## Aim of the task
In the records below, find the line that contains "非金融资产包括非营利性资产、" and the line that contains "Munkhzaya Ganbold, Мөнхзаяа". Set down exactly those lines and every line between them, and nothing more.

(Dataset items)

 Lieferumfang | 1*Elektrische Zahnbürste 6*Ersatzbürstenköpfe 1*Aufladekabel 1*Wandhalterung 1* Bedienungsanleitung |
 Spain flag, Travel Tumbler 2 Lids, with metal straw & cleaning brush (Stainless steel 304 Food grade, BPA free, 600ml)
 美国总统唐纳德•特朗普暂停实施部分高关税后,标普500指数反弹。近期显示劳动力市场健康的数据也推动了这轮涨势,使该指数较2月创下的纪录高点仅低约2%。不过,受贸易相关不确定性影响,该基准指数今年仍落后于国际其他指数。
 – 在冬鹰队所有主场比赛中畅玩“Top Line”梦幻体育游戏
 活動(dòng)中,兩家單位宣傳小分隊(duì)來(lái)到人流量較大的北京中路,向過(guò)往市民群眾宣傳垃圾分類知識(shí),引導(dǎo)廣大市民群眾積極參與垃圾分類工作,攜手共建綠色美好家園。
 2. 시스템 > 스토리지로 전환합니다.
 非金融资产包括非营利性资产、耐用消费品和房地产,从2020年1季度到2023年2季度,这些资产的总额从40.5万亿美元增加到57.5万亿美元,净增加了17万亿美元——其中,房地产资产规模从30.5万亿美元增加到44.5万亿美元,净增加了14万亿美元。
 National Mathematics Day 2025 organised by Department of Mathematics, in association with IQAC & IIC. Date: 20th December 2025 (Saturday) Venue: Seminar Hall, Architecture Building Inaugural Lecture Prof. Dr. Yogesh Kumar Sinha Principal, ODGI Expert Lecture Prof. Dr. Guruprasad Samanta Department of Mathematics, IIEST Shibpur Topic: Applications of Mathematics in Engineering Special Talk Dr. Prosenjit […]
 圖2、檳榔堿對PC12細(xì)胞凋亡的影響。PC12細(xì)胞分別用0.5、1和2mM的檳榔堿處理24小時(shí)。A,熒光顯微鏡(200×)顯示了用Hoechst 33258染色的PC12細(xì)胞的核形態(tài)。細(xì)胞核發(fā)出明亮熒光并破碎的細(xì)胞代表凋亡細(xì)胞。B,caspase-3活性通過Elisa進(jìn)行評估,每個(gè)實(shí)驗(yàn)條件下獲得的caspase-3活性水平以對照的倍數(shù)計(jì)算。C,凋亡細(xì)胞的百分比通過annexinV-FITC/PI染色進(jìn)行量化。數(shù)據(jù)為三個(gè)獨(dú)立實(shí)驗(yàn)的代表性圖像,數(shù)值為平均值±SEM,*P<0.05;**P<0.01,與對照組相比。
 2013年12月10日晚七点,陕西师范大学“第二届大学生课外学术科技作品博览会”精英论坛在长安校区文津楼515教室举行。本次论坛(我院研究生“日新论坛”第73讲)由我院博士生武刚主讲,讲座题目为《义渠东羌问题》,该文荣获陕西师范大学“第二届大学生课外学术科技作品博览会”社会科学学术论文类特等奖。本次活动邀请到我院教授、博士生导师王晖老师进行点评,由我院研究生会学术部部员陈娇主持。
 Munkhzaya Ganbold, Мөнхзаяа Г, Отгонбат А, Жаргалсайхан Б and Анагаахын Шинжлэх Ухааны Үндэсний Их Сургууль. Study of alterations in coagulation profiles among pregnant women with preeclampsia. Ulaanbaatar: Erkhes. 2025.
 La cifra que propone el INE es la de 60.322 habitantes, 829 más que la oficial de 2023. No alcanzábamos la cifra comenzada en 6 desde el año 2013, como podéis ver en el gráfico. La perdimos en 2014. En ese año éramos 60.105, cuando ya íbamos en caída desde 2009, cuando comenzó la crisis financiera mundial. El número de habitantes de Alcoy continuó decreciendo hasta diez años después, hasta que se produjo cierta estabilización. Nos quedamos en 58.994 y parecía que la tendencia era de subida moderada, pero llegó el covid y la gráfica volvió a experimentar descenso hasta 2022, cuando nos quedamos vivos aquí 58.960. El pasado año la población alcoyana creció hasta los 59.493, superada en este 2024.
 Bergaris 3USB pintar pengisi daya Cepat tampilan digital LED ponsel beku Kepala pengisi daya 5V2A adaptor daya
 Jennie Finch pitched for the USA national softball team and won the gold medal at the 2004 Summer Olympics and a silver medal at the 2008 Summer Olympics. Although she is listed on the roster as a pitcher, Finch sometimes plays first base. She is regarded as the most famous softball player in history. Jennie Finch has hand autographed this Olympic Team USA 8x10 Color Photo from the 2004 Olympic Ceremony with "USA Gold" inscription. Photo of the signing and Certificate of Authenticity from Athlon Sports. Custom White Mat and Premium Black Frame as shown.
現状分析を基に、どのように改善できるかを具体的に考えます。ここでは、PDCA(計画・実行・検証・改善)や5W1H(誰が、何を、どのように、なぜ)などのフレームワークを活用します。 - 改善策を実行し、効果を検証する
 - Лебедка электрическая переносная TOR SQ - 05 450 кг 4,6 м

## Solution for this task
 非金融资产包括非营利性资产、耐用消费品和房地产,从2020年1季度到2023年2季度,这些资产的总额从40.5万亿美元增加到57.5万亿美元,净增加了17万亿美元——其中,房地产资产规模从30.5万亿美元增加到44.5万亿美元,净增加了14万亿美元。
 National Mathematics Day 2025 organised by Department of Mathematics, in association with IQAC & IIC. Date: 20th December 2025 (Saturday) Venue: Seminar Hall, Architecture Building Inaugural Lecture Prof. Dr. Yogesh Kumar Sinha Principal, ODGI Expert Lecture Prof. Dr. Guruprasad Samanta Department of Mathematics, IIEST Shibpur Topic: Applications of Mathematics in Engineering Special Talk Dr. Prosenjit […]
 圖2、檳榔堿對PC12細(xì)胞凋亡的影響。PC12細(xì)胞分別用0.5、1和2mM的檳榔堿處理24小時(shí)。A,熒光顯微鏡(200×)顯示了用Hoechst 33258染色的PC12細(xì)胞的核形態(tài)。細(xì)胞核發(fā)出明亮熒光并破碎的細(xì)胞代表凋亡細(xì)胞。B,caspase-3活性通過Elisa進(jìn)行評估,每個(gè)實(shí)驗(yàn)條件下獲得的caspase-3活性水平以對照的倍數(shù)計(jì)算。C,凋亡細(xì)胞的百分比通過annexinV-FITC/PI染色進(jìn)行量化。數(shù)據(jù)為三個(gè)獨(dú)立實(shí)驗(yàn)的代表性圖像,數(shù)值為平均值±SEM,*P<0.05;**P<0.01,與對照組相比。
 2013年12月10日晚七点,陕西师范大学“第二届大学生课外学术科技作品博览会”精英论坛在长安校区文津楼515教室举行。本次论坛(我院研究生“日新论坛”第73讲)由我院博士生武刚主讲,讲座题目为《义渠东羌问题》,该文荣获陕西师范大学“第二届大学生课外学术科技作品博览会”社会科学学术论文类特等奖。本次活动邀请到我院教授、博士生导师王晖老师进行点评,由我院研究生会学术部部员陈娇主持。
 Munkhzaya Ganbold, Мөнхзаяа Г, Отгонбат А, Жаргалсайхан Б and Анагаахын Шинжлэх Ухааны Үндэсний Их Сургууль. Study of alterations in coagulation profiles among pregnant women with preeclampsia. Ulaanbaatar: Erkhes. 2025.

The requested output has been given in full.